Scheme provided by the embodiments of the present application is related to the technologies such as the machine learning of artificial intelligence, especially by following examples It is illustrated.
Referring to FIG. 1, its flow chart for illustrating search recommended method provided by the present application.
Computer equipment can be inquired in inverted index table 12, be searched for after getting search term 11 The candidate word set 13 of word.Later, calculating equipment can be generated the feature of characteristic information and a candidate word including search term The mode input parameter 14 of information, wherein the characteristic information of search term includes the ordinal characteristics of search term.Computer equipment can be with CTR prediction model 15 is called, the CTR value 16 of each candidate word is calculated;By the CTR value 16 of each candidate word, according to from height It is ranked up to low sequence, then selects at least one candidate word for coming front as recommended candidate corresponding with search term Word.Finally, recommended candidate word list 17 is shown in combobox.

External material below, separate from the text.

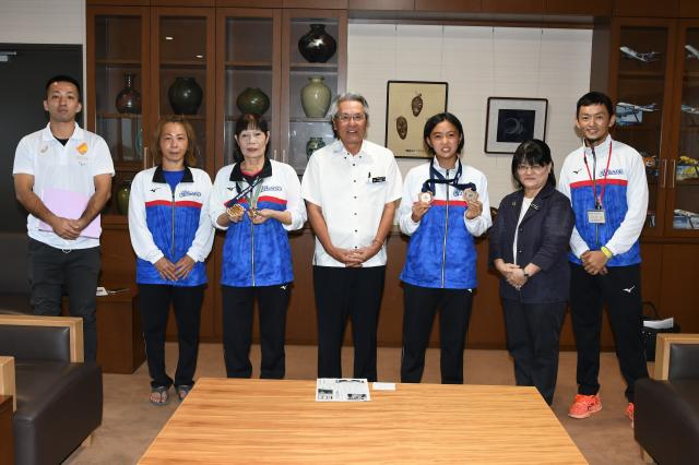 座喜味市長(中央)にメダル獲得を報告した伊良波さん(左から3人目)、丸山さん(右から3人目)と関係者=16日、市役所

Generation for inverted index table, the historical search log 18 of the available user of computer equipment, and this is gone through Data in history search log 18 are filtered cleaning, wherein largely expose the candidate word not clicked on and some different to remove Regular data.The history for being greater than threshold value it is possible to further choose click volume from the historical search log after filtering cleaning is searched Candidate documents set 20 is added in rope word 19.Further, it is also possible to title 21 and popular search event that document in database will be searched for Title 22 be added into candidate documents set 20.It, can also be to candidate text after getting above-mentioned candidate documents set 20 Shelves set 20 is standardized, and obtains standard candidate documents set 23.For each in standard candidate documents set 23 A document generates corresponding relationship relevant to the document, integrates corresponding relationship relevant to each document, generates inverted index table 12。
Training for CTR prediction model, the exposure log 24 of the available candidate word of computer equipment, and from the exposure It is candidate that history exposure corresponding with historical search word is obtained in log 24;Later, it characteristic information based on historical search word and goes through The characteristic information that history exposes candidate word constructs training sample 25, and the characteristic information of the historical search word includes the suitable of historical search word Sequence characteristics, and 26 are trained to CTR prediction model under using the training sample 25 online, the CTR for obtaining completing training is estimated Model 15.It completes CTR prediction model after training, which can be pushed on line, for other meters Calculate machine equipment calls the CTR prediction model 15 to be estimated when needed.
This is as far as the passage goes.